START MATERIAL SUPPLIED

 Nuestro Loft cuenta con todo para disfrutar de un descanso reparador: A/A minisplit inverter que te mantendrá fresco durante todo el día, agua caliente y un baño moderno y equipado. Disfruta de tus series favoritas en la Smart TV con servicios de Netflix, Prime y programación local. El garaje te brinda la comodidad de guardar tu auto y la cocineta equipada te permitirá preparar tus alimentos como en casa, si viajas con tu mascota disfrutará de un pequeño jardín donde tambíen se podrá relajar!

END MATERIAL SUPPLIED
START MATERIAL SUPPLIED

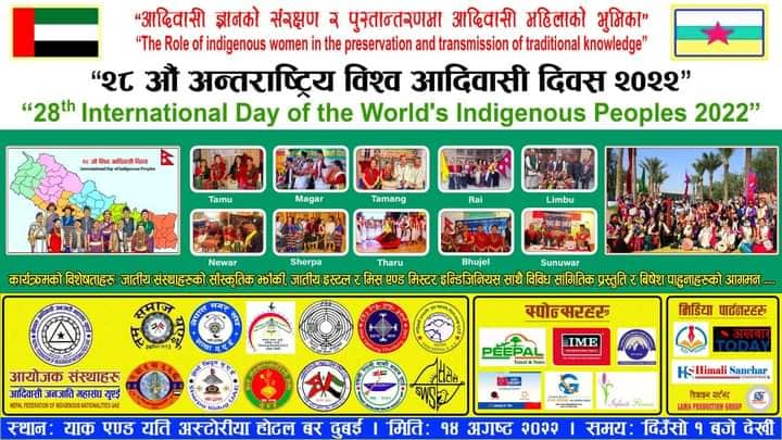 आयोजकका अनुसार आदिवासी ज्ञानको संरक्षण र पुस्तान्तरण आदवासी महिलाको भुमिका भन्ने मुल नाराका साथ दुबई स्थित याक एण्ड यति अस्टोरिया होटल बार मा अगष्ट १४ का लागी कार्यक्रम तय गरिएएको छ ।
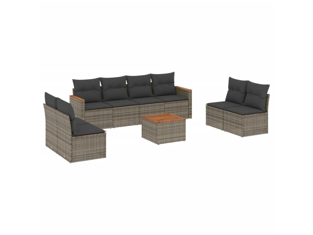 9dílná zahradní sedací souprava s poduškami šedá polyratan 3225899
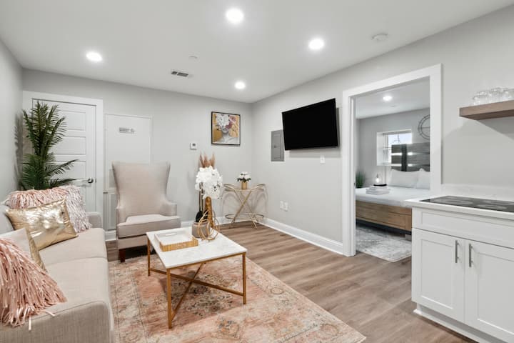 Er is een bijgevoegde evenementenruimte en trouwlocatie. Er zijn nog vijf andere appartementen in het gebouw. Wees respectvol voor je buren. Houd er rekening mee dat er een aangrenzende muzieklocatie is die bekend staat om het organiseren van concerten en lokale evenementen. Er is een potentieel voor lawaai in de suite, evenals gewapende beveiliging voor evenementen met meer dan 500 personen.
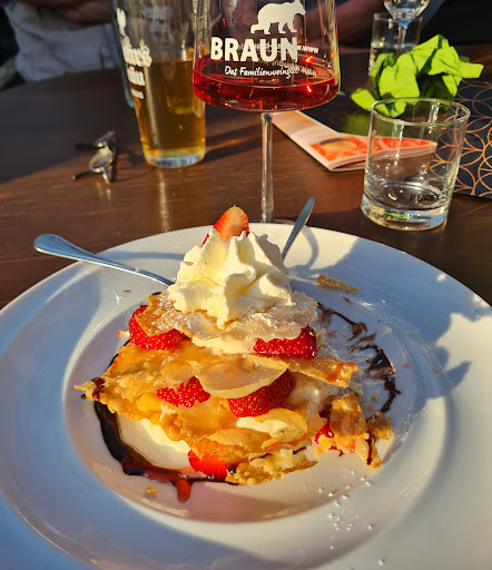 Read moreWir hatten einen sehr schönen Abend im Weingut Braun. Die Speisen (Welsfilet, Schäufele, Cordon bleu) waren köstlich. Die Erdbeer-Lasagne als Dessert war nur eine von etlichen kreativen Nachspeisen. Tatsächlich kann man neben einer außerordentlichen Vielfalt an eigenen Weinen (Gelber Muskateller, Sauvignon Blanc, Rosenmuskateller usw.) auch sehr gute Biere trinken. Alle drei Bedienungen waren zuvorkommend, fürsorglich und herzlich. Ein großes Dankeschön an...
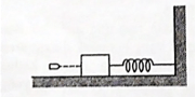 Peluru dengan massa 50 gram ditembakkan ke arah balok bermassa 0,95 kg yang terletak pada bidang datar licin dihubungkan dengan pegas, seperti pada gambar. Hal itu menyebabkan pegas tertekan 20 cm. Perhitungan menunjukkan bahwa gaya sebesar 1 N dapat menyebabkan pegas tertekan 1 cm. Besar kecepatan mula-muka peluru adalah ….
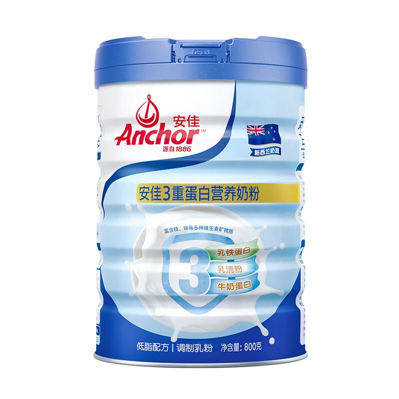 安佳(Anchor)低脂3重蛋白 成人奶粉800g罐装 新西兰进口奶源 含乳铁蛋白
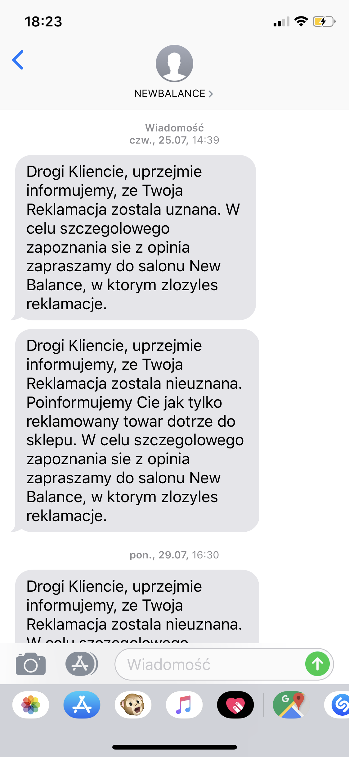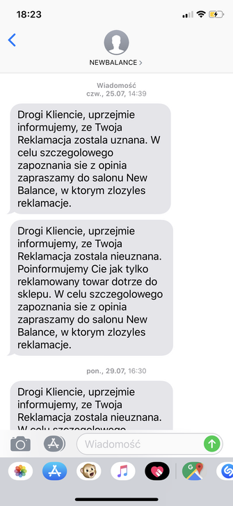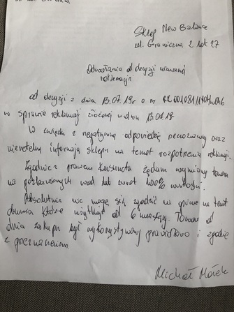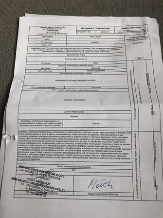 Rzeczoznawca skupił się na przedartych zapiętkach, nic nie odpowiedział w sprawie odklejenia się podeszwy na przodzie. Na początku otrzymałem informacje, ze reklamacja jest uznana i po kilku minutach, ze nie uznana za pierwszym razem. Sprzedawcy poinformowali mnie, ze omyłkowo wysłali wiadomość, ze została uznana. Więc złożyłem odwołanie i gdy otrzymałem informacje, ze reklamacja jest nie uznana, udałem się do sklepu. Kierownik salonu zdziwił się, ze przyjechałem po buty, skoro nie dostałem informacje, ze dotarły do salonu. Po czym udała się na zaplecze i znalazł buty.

END MATERIAL SUPPLIED

*TASK OBJECTIVE*
Find the line with "Peluru dengan massa" in the entries above. Set down exactly every line from it up to and including the line with "Rzeczoznawca skupił się", images excluded.

*RESULT*
 Peluru dengan massa 50 gram ditembakkan ke arah balok bermassa 0,95 kg yang terletak pada bidang datar licin dihubungkan dengan pegas, seperti pada gambar. Hal itu menyebabkan pegas tertekan 20 cm. Perhitungan menunjukkan bahwa gaya sebesar 1 N dapat menyebabkan pegas tertekan 1 cm. Besar kecepatan mula-muka peluru adalah ….
 安佳(Anchor)低脂3重蛋白 成人奶粉800g罐装 新西兰进口奶源 含乳铁蛋白
 Rzeczoznawca skupił się na przedartych zapiętkach, nic nie odpowiedział w sprawie odklejenia się podeszwy na przodzie. Na początku otrzymałem informacje, ze reklamacja jest uznana i po kilku minutach, ze nie uznana za pierwszym razem. Sprzedawcy poinformowali mnie, ze omyłkowo wysłali wiadomość, ze została uznana. Więc złożyłem odwołanie i gdy otrzymałem informacje, ze reklamacja jest nie uznana, udałem się do sklepu. Kierownik salonu zdziwił się, ze przyjechałem po buty, skoro nie dostałem informacje, ze dotarły do salonu. Po czym udała się na zaplecze i znalazł buty.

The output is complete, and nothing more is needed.